Dove ha vissuto Adolf Hitler? Le case del führer e come furono usate come propaganda nazista

In Hitler at Home, la professoressa Despina Stratigakos ha esplorato come la macchina delle PR naziste si sia basata sulle tre abitazioni di Hitler per promuovere il mito del führer come un uomo moralmente integro e raffinato. Il libro considera l’architettura e il design delle case private di Hitler e il loro ruolo nella propaganda nazista.

Pubblicità

Qui, scrivendo per History Extra, Stratigakos esplora il fascino della vita domestica di Hitler…

Il 16 marzo 1941, con le città europee in fiamme e gli ebrei ammassati nei ghetti, il New York Times Magazine ha pubblicato una storia illustrata sul ritiro di Adolf Hitler nelle Alpi di Berchtesgaden. Adottando un tono neutrale, il corrispondente C Brooks Peters notò che gli storici del futuro avrebbero fatto bene a considerare l’importanza del “dominio privato e personale del Fuhrer”, dove le discussioni sul fronte di guerra erano intervallate da “passeggiate con i suoi tre cani da pastore lungo maestosi sentieri di montagna”.

Per oltre 70 anni, abbiamo ignorato l’appello di Peters a prendere sul serio gli spazi domestici di Hitler. Quando pensiamo alle scenografie del potere politico di Hitler, è più probabile che immaginiamo il terreno del raduno di Norimberga che il suo salotto. Eppure è stato attraverso l’architettura, il design e le rappresentazioni mediatiche delle sue case che il regime nazista ha promosso il mito dell’Hitler privato come pacifico casalingo e buon vicino. Negli anni precedenti la seconda guerra mondiale, questa immagine fu usata strategicamente ed efficacemente, sia in Germania che all’estero, per allontanare il dittatore dalle sue politiche violente e crudeli. Anche dopo lo scoppio della guerra, l’impressione favorevole del führer fuori servizio che gioca con cani e bambini non svanì immediatamente.

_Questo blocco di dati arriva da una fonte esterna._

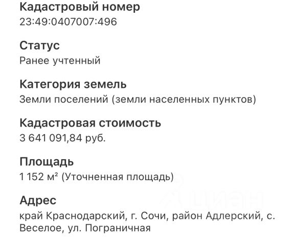 Продаётся земельный участок в живописном и экологически чистом районе города Сочи. Участок площадью 5,5 соток предназначен для индивидуального жилищного строительства. На территории участка уже имеется небольшой деревянный дом для временного проживания. Также на участке есть все необходимые коммуникации: свет, скважина с родниковой водой, канализация (септик на 4-5 кубов). Газовая труба проходит по границе участка. Удобный подъезд к участку обеспечен асфальтированной дорогой, что значительно облегчает его застройку. Участок находится в жилой зоне с развитой инфраструктурой. В пешей доступности расположены школа и детский сад. До Черного моря всего 10-15 минут на машине, а горнолыжный комплекс "Красная поляна" находится в 50-60 минутах езды. Город Сочи можно достичь за 40 минут, прокатившись вдоль Черноморского побережья. Есть разрешение на строительство. Этот земельный участок - отличное место для строительства вашего индивидуального жилища в красивом и удобном районе Сочи. Не упустите шанс!!

Hitler mantenne tre residenze durante il Terzo Reich: la Vecchia Cancelleria a Berlino; il suo appartamento a Monaco; e la Haus Wachenfeld (più tardi il Berghof), la sua casa di montagna sull’Obersalzberg. Tutti e tre furono completamente rinnovati a metà degli anni ’30 e facilitarono la creazione di un nuovo e sofisticato personaggio per il Fuhrer.

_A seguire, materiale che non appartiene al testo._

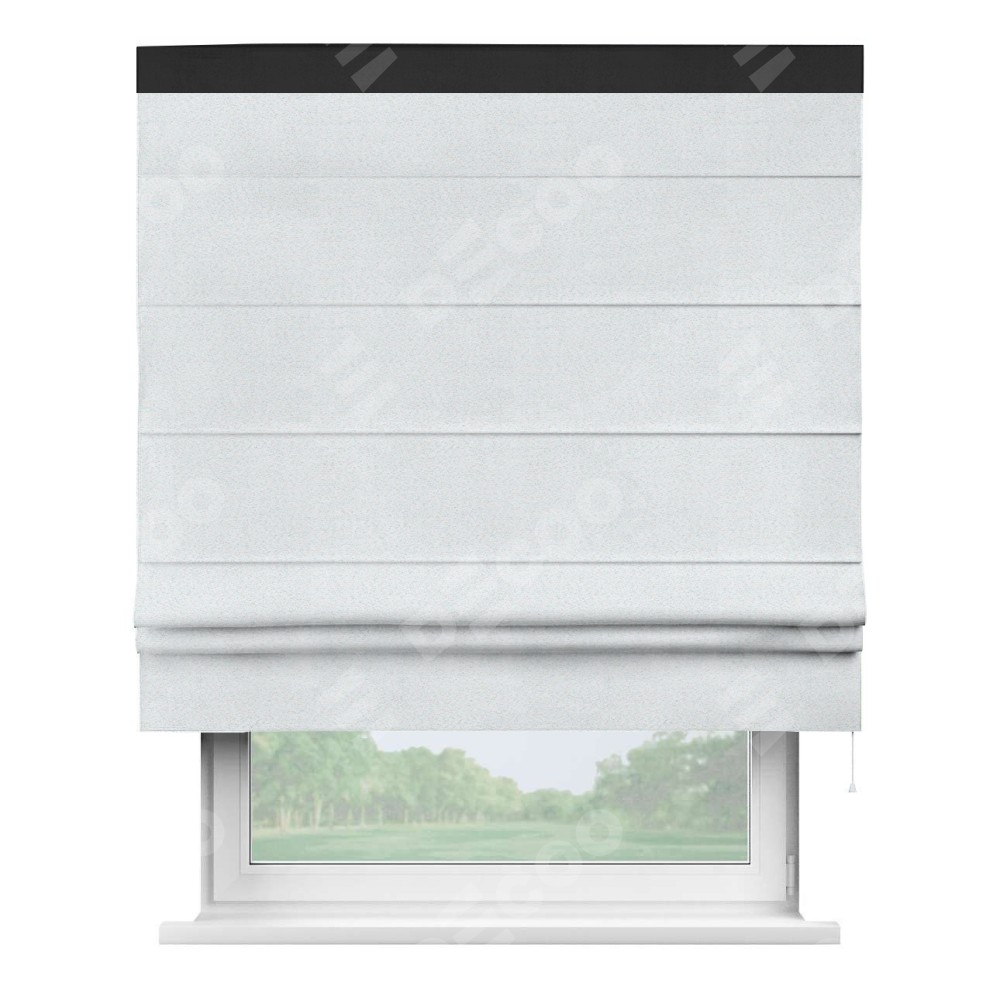 Римская штора производителя «Cortin», используется для проёма, пошита из ткани блэкаут однотонный дымчато-белый, артикул ткани 101. Отделка шторы кантом «Кинг», ткань для канта используется из блэкаута однотонного разной расцветки на выбор. Имеет универсальный механизм и подходит для монтажа: на потолок, на стену и в нишу.

Cartolina vista da Heinrich Hoffmann del Berghof, c1936. (United States National Archives, College Park, Maryland)

La Vecchia Cancelleria

La Vecchia Cancelleria era, dal 1871, la residenza ufficiale dei cancellieri tedeschi. Dopo essere stato nominato cancelliere nel 1933, Hitler rifiutò di trasferirsi nell’edificio perché era sensibile a ciò che questo palazzo “malandato” (ai suoi occhi) avrebbe detto di lui. La cancelleria si trovava nel cuore del distretto governativo, e Hitler sentiva che questi edifici, compresa la residenza del cancelliere, avevano un ruolo da svolgere nel recuperare il prestigio diplomatico della Germania perso dopo la prima guerra mondiale.

Hitler assunse quindi l’architetto di Monaco Paul Ludwig Troost per rinnovare gli spazi pubblici e privati. Quando Troost morì nel gennaio 1934, il lavoro fu assunto dalla sua vedova, Gerdy, che iniziò un nuovo studio di design, l’Atelier Troost. D’ora in poi sarebbe diventata la principale decoratrice d’interni di Hitler.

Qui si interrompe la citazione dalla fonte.